Haploidentical Natural Killer Cells to Treat Refractory or Relapsed Acute Myelogenous Leukemia (AML)
Study Details
Study Description
Brief Summary
This is a phase II therapeutic study of related donor HLA-haploidentical NK-cell based therapy after a high dose of fludarabine/cyclophosphamide with denileukin diftitox preparative regimen for the treatment of poor prognosis acute myelogenous leukemia (AML).
Condition or Disease | Intervention/Treatment | Phase |
---|---|---|
|
Phase 2 |
Detailed Description
Patients achieving a complete remission and neutrophil recovery (ANC > 500) for at least 4 weeks will be considered for allogeneic transplant to prolong remission (independent of this study).
All patients, including those who go on to transplant, will be followed to determine disease free survival, treatment related mortality, and time to relapse.
Study Design
Arms and Interventions
Arm | Intervention/Treatment |
---|---|
Experimental: Treated Patients Patients are treated with donor natural killer cells, fludarabine, cyclophosphamide, Denileukin diftitox, Donor lymphapheresis and IL-2. |
Biological: Natural Killer Cells
Given by infusion on Day 0. The product is T cell-depleted (CD3-) and B cell-depleted (CD19). Target dose for infusion is < or = 8 x 10^7 nucleated cells/kilogram.
Drug: Fludarabine
Administered as a 1 hour intravenous infusion once a day for 5 doses beginning on day -6.
Other Names:
Drug: Cyclophosphamide
Administered as a 2 hour intravenous infusion with high volume fluid flush and mesna per institutional guidelines on day -5 and -4 one hour after fludarabine infusion. (Day -4 administration may be omitted if patient has had a transplant in the previous 4 months.)
Other Names:
Drug: Denileukin diftitox
12 ug/kg/day will be administered on day -1 and day -2 intravenously.
Other Names:
Procedure: Donor lymphapheresis
Day -1 before planned NK cell infusion, the donor will undergo lymphapheresis (Removal of lymphocytes from donated blood, with the remainder of the blood retransfused into the donor).
Drug: IL-2
Administered after NK cell infusion, 10 million units every other day for a total of 6 doses. (Patients weighing less than 45 kilograms will receive a dose of 5 million units/m^2 every other day for 6 doses).
Other Names:
|
Outcome Measures
Primary Outcome Measures
- Percent of Patients With Successful Expansion of Natural Killer Cells After Infusion [Day 14]

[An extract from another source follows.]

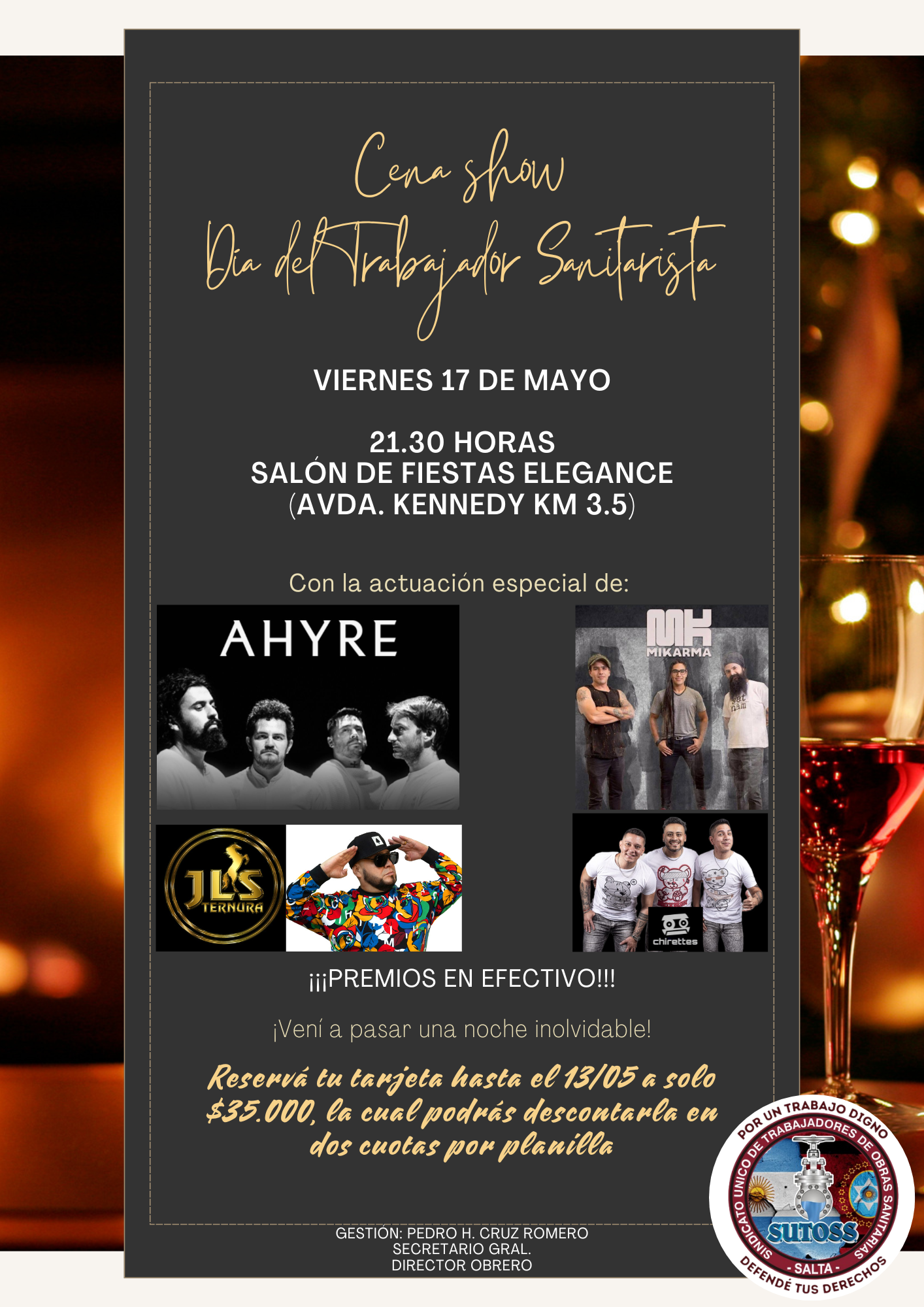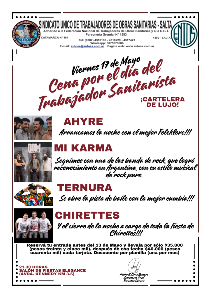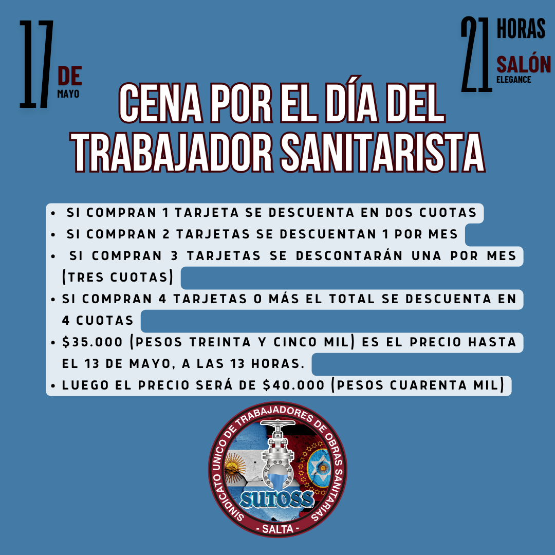 El SINDICATO ÚNICO DE TRABAJADORES DE OBRAS SANITARIAS SALTA, invita a todos sus afiliados y afiliadas a pasar una noche increíble el viernes 17 de Mayo en Salón Elegance, donde festejaremos nuestro día como TRABAJADORES SANITARISTAS!

The primary objective of this study was to estimate the incidence of in vivo expansion of natural killer (NK) cells 14 days after infusion of an allogeneic donor product enriched for NK progenitors. Successful in vivo donor NK cell expansion was defined by measuring an absolute circulating donor-derived NK cell count of >100 cells/ul in the patient's peripheral blood 14 days after infusion.
Secondary Outcome Measures
- Percent of Patients With Complete Remission of Disease [At least 4 weeks after last dose (28 days)]
Disease response was defined as complete remission (disease response) by morphologic criteria including <5% blasts in a moderately cellular or cellular marrow. Complete remission was also correlated with NK cell expansion in vivo, IL-15 levels and donor/recipient KIR B genotyping, and Treg depletion.
- Percent of Patients With Disease Free Survival [Month 6]
Number of patients alive and disease free at 6 months. The length of time after treatment ends that a patient survives without any signs or symptoms of that cancer or any other type of cancer. In a clinical trial, measuring the disease-free survival is one way to see how well a new treatment works.
- Percent of Patients With Incidence of Relapse [Month 6]
Number of patients who have had a relapse(the return of disease after its apparent recovery/cessation) after obtaining a complete remission of their disease.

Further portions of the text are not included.